Aware what he was doing was highly illegal, Forster didn’t tell his crew what, exactly, The Clotilda would be transporting. In fact, when the ship— double-masted, 86 feet long and 23 feet in breadth—sailed out of Alabama’s Mobile Bay, its papers claimed there was a delivery of lumber on board that was destined for the Carribean island of St. Thomas. When the boat was caught in a vicious hurricane not far from Bermuda, repairs had to be made. During that process, the eleven-man crew discovered the false deck and the tell-tale barrels of food and water. They put the evidence together and realized they were caught in a mission to move human cargo. Captain Forster had lied to them! They threatened to tell authorities——a move that might have ensured Cudjo never left his homeland.

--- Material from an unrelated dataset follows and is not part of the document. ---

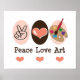 Um símbolo de paz, coração, pincel e uma paleta colorida cheia de tinta em rosa e marrom na roupa, roupas e mercadorias fazem do professor de arte perfeito, estudante de arte ou presente artístico. Um presente, um óleo, uma cor de água ou um pintor acrílico, certamente adorará.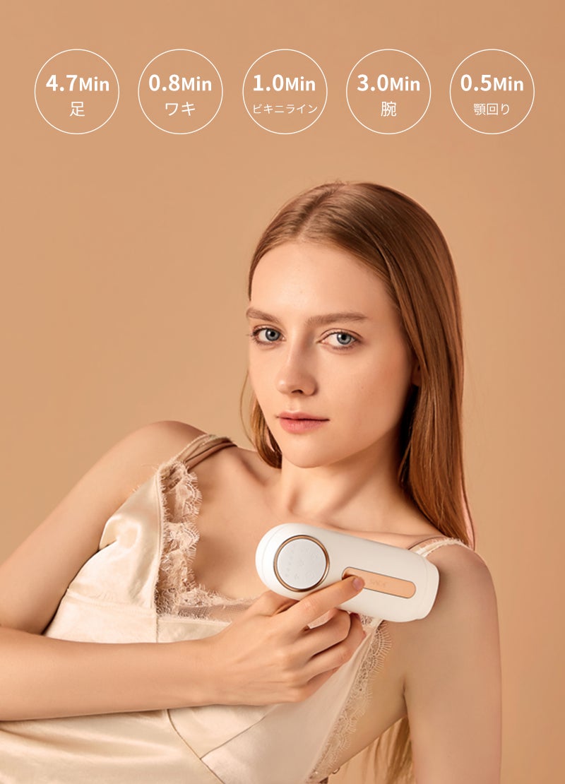 自動連続モードの照射間隔は最速で0.9秒。わずか10分で全身のお手入れが完了し、より効率的です。痛みが少なく照射面積も広いので、処理に時間がかからず、操作もボタンを押すだけですので、初めての方でも簡単にお使いいただけます。

There was $9,000 in gold hidden on the ship, as well as barrels of rum. The sailors were in a good position to bargain. But money has a way of smoothing over even the most heinous issues, and eventually, Forster calmed the mutiny and won over his crew by promising to double wages. The mission continued.
The Clotilda sailed to the kingdom of Benin on the West Coast of Africa, right next to Nigeria. In the city of Ouidah, which had a fortified slave port at the water’s edge, Forster spent more than a week negotiating with slavers. In the recently published book, Cudjo clearly and painfully recalls watching the cruel Captain examining the “product” he was going to buy in the slave barracks known as “barracoons.” “De white man lookee and lookee. He lookee hard at de skin and de feet and de legs and in de mouth. Den he choose,” Cudjo recalled. “Den we cry. We sad ’cause we doan want to leave the rest of our people in de barracoon. We all lonesome for our home. We doan know whut goin’ become of us.”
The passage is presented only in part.